- _What the task requires_
Reproduce every line of the material below exactly. No pictures belong in the copy.

- _Data shown_
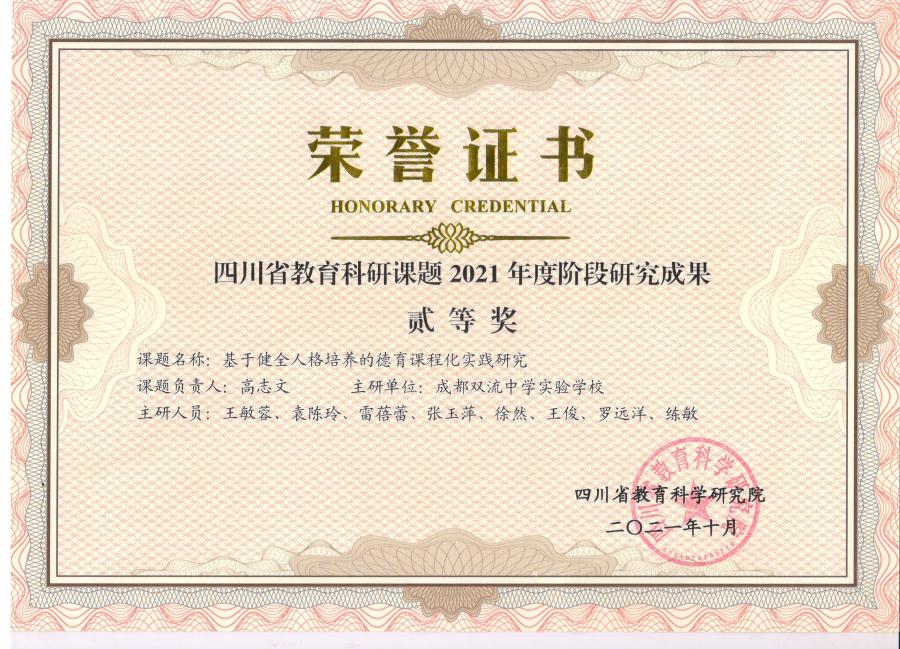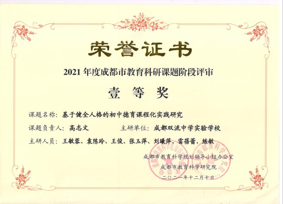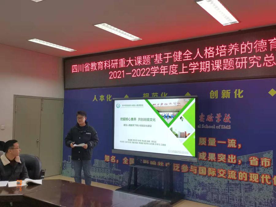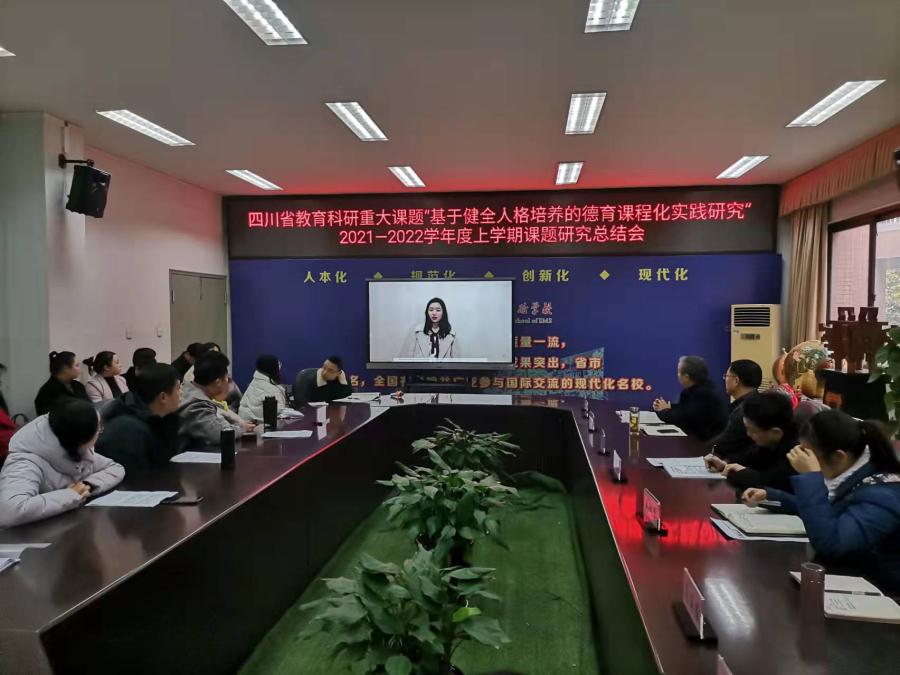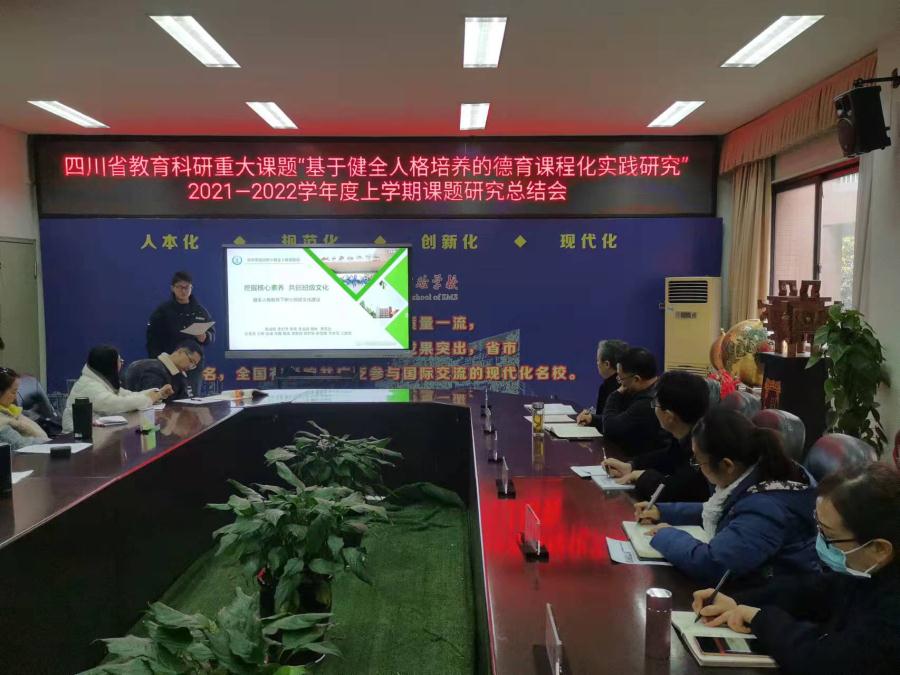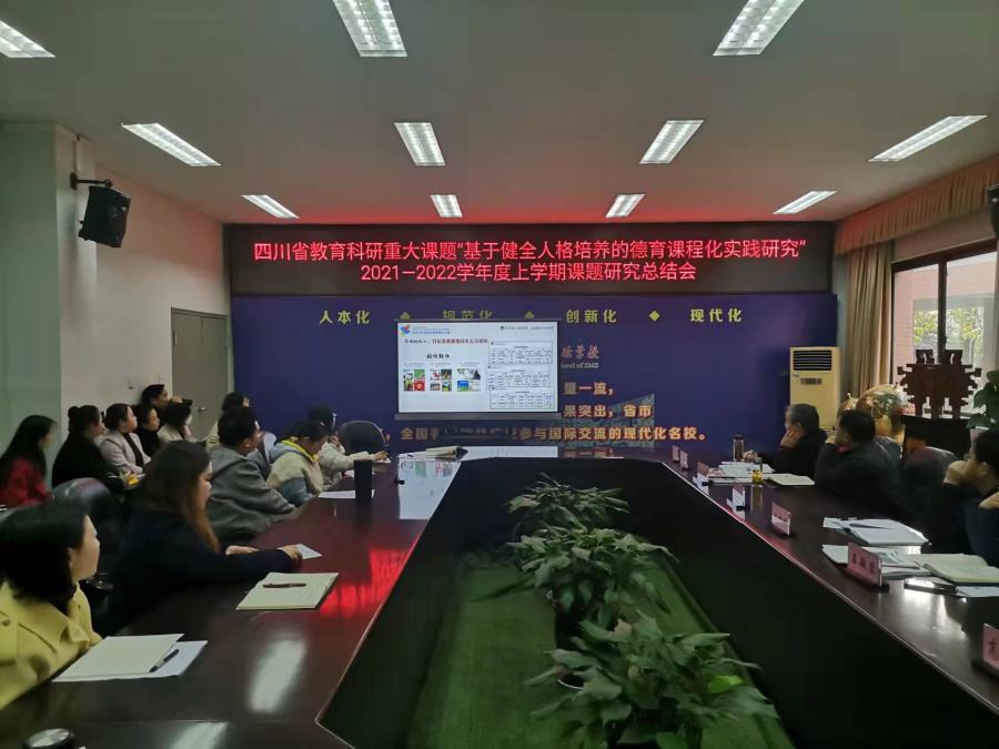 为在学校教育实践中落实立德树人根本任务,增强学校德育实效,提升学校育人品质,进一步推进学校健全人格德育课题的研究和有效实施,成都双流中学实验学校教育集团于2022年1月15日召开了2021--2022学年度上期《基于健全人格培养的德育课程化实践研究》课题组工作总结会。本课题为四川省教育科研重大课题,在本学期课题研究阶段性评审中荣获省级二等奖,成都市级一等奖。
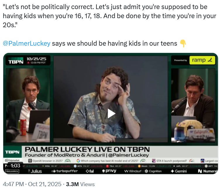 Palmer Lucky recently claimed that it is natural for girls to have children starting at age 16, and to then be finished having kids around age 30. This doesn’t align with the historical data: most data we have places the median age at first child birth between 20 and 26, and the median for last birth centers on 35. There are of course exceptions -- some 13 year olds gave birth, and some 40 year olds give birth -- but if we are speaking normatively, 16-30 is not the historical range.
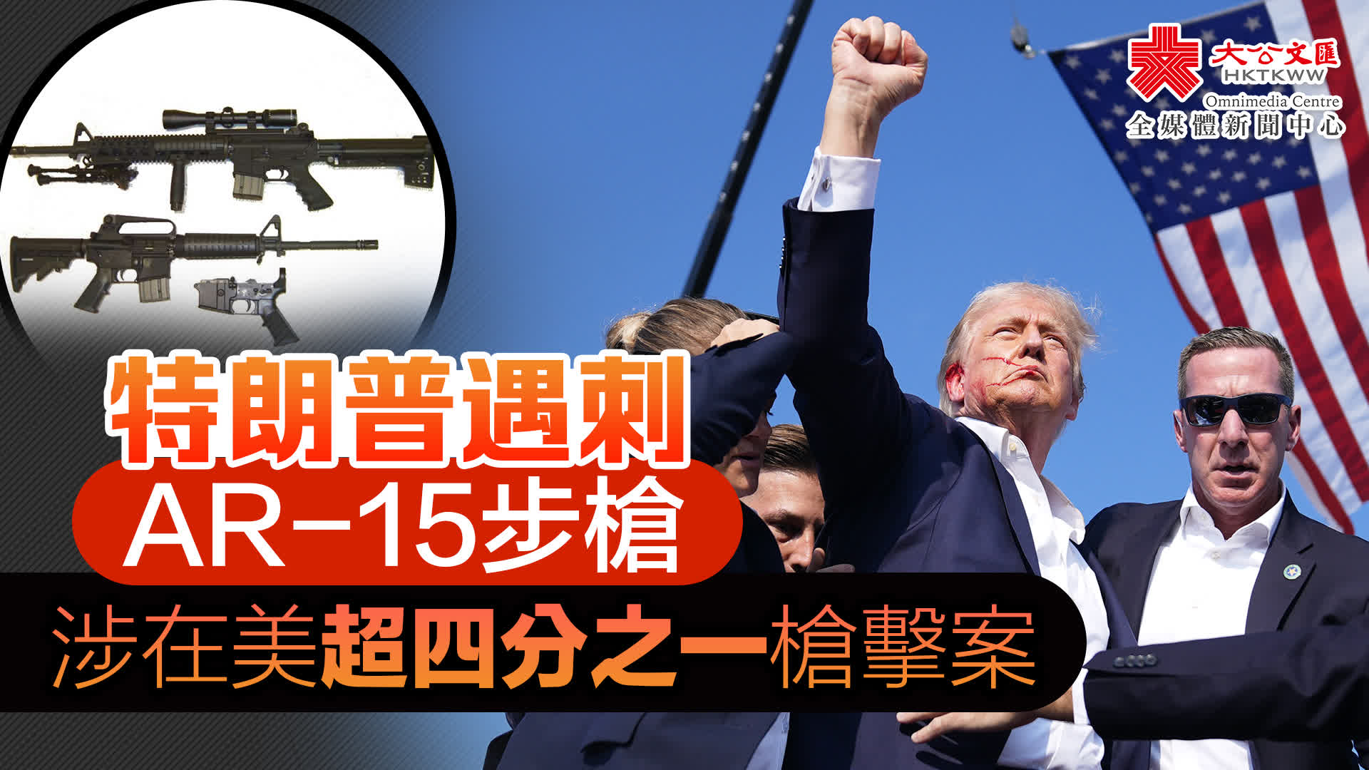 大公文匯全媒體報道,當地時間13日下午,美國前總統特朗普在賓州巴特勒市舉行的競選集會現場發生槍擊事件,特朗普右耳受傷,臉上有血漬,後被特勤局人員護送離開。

- _Solution to the exercise_
 为在学校教育实践中落实立德树人根本任务,增强学校德育实效,提升学校育人品质,进一步推进学校健全人格德育课题的研究和有效实施,成都双流中学实验学校教育集团于2022年1月15日召开了2021--2022学年度上期《基于健全人格培养的德育课程化实践研究》课题组工作总结会。本课题为四川省教育科研重大课题,在本学期课题研究阶段性评审中荣获省级二等奖,成都市级一等奖。
 Palmer Lucky recently claimed that it is natural for girls to have children starting at age 16, and to then be finished having kids around age 30. This doesn’t align with the historical data: most data we have places the median age at first child birth between 20 and 26, and the median for last birth centers on 35. There are of course exceptions -- some 13 year olds gave birth, and some 40 year olds give birth -- but if we are speaking normatively, 16-30 is not the historical range.
 大公文匯全媒體報道,當地時間13日下午,美國前總統特朗普在賓州巴特勒市舉行的競選集會現場發生槍擊事件,特朗普右耳受傷,臉上有血漬,後被特勤局人員護送離開。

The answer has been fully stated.